→ TASK OBJECTIVE
Retype the data that follows exactly. No pictures belong in the copy.

→ DATA BLOCK
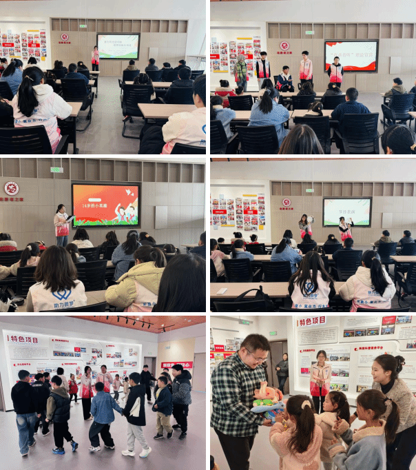 活动在“青讲青听”理论宣讲团带来的红色主题宣讲中拉开帷幕。宣讲团成员结合情景剧形式,生动讲述抗战胜利80周年的光辉历程,并通过互动问答引导孩子们感悟爱国情怀。随后的文艺表演环节精彩纷呈:古风舞《云裳羽衣曲》韵味悠长,现代舞《爱你》朝气蓬勃,歌曲《一格格》《不完美小孩》温暖真挚,赢得了现场孩子们的阵阵掌声。游戏互动环节中,“看字说颜色”“桃花朵朵开”等趣味游戏拉近了大学生与孩子们的距离,欢声笑语此起彼伏,现场气氛温馨而热烈。
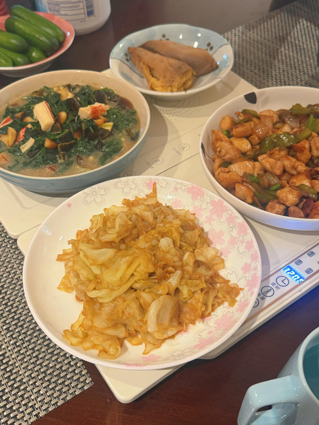 (今天的晚餐忘拍了,记录一下:红烧排骨、煎绿豆咯吱配蒜汁、宣威火腿炒荷兰...
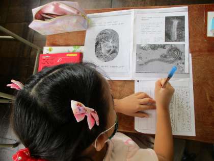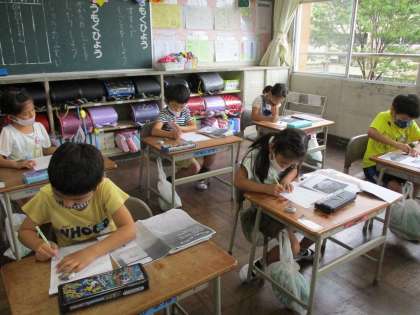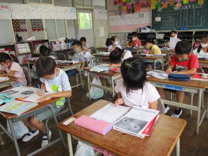 「うみのかくれんぼ」の学習を終えて、海の生き物についての本をたくさん読み、今度は自分たちで海の生き物についての説明カードを書きました。本から読み取った必要なことを自分でまとめてカードにしていきます。難しい学習になるかと思っていましたが、子どもたちは楽しみながら意欲的に取り組むことができました。
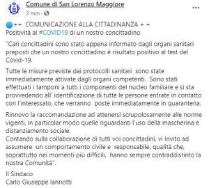 Uno dei nuovi casi di positività nel Sannio riguarda il comune di San Lorenzo Maggiore. Pochi minuti fa il sindaco Carlo Giuseppe Iannotti, attraverso il profilo facebook dell’ente, ha comunicato la positività di un cittadino. Già effettuati tamponi a tutti i componenti del nucleo familiari e si sta provvedendo all’identificazione di tutte le persone entrate in contatto.

→ ANSWER AREA
 活动在“青讲青听”理论宣讲团带来的红色主题宣讲中拉开帷幕。宣讲团成员结合情景剧形式,生动讲述抗战胜利80周年的光辉历程,并通过互动问答引导孩子们感悟爱国情怀。随后的文艺表演环节精彩纷呈:古风舞《云裳羽衣曲》韵味悠长,现代舞《爱你》朝气蓬勃,歌曲《一格格》《不完美小孩》温暖真挚,赢得了现场孩子们的阵阵掌声。游戏互动环节中,“看字说颜色”“桃花朵朵开”等趣味游戏拉近了大学生与孩子们的距离,欢声笑语此起彼伏,现场气氛温馨而热烈。
 (今天的晚餐忘拍了,记录一下:红烧排骨、煎绿豆咯吱配蒜汁、宣威火腿炒荷兰...
 「うみのかくれんぼ」の学習を終えて、海の生き物についての本をたくさん読み、今度は自分たちで海の生き物についての説明カードを書きました。本から読み取った必要なことを自分でまとめてカードにしていきます。難しい学習になるかと思っていましたが、子どもたちは楽しみながら意欲的に取り組むことができました。
 Uno dei nuovi casi di positività nel Sannio riguarda il comune di San Lorenzo Maggiore. Pochi minuti fa il sindaco Carlo Giuseppe Iannotti, attraverso il profilo facebook dell’ente, ha comunicato la positività di un cittadino. Già effettuati tamponi a tutti i componenti del nucleo familiari e si sta provvedendo all’identificazione di tutte le persone entrate in contatto.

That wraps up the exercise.